Перебитый панцирь - [33]
«Специалист по Кавказу», общаясь с эмигрантами, сам научился устраивать различные «восточные сюрпризы». В день встречи с Тарланом и Хараевым профессор пригласил к себе также руководителей «Северо-Кавказского национального комитета». Он был уверен, что при Надырхане, Насуре и Кариме приезжие не станут предъявлять свои претензии на «верховную власть».
...В одиннадцать часов утра в кабинет Менде вошли Хараев и Тарлан, а спустя тридцать минут секретарша доложила, что его по срочному делу хотят видеть руководители СКНК. На лице Менде появилась недовольная мина.
— Скажите им, что сейчас не смогу их принять.
Секретарша вышла, а через минуту вернулась.
— Господин Надырхан и те, кто с ним, очень просят, чтобы вы их все-таки приняли.
— Ладно, пусть войдут.
Профессор сам отворил дверь.
— Входите, господа.
Секретарша удалилась.
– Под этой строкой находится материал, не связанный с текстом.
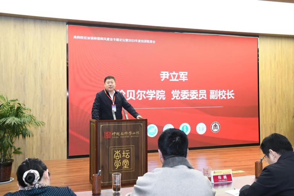 尹立军介绍了bat365官网师德师风建设工作,并提出在新学期继续将师德师风专题教育列入学校工作重点,实现思想政治和师德教育全覆盖,引导教师学习践行新时代师德规范。

В кабинет вошли Надырхан, Насур и Карим.
— Мы пришли, господин Менде, пригласить вас к нам по случаю предстоящей встречи с дорогими гостями, а они, оказывается, здесь, — заговорил Надырхан, бросив взгляд на Хараева и Тарлана.
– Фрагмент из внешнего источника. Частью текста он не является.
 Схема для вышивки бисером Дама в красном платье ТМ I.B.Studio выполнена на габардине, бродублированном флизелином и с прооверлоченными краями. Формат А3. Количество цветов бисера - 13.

Опытный глаз старого политикана Хараева сразу определил, что руководители СКНК затеяли игру, хорошо подготовленную не без участия Петцета и Менде.
— Я очень рад, что здесь все свои, — сказал профессор, — можно вести откровенный разговор.
— Мы хотели бы попасть к господину имперскому министру, — обратился Хараев к Менде.
— Вы просите о том, что почти невозможно, уважаемый господин Хараев, — ответил Менде.
— Не скажете ли, почему именно, господин профессор? — задал вопрос Тарлан.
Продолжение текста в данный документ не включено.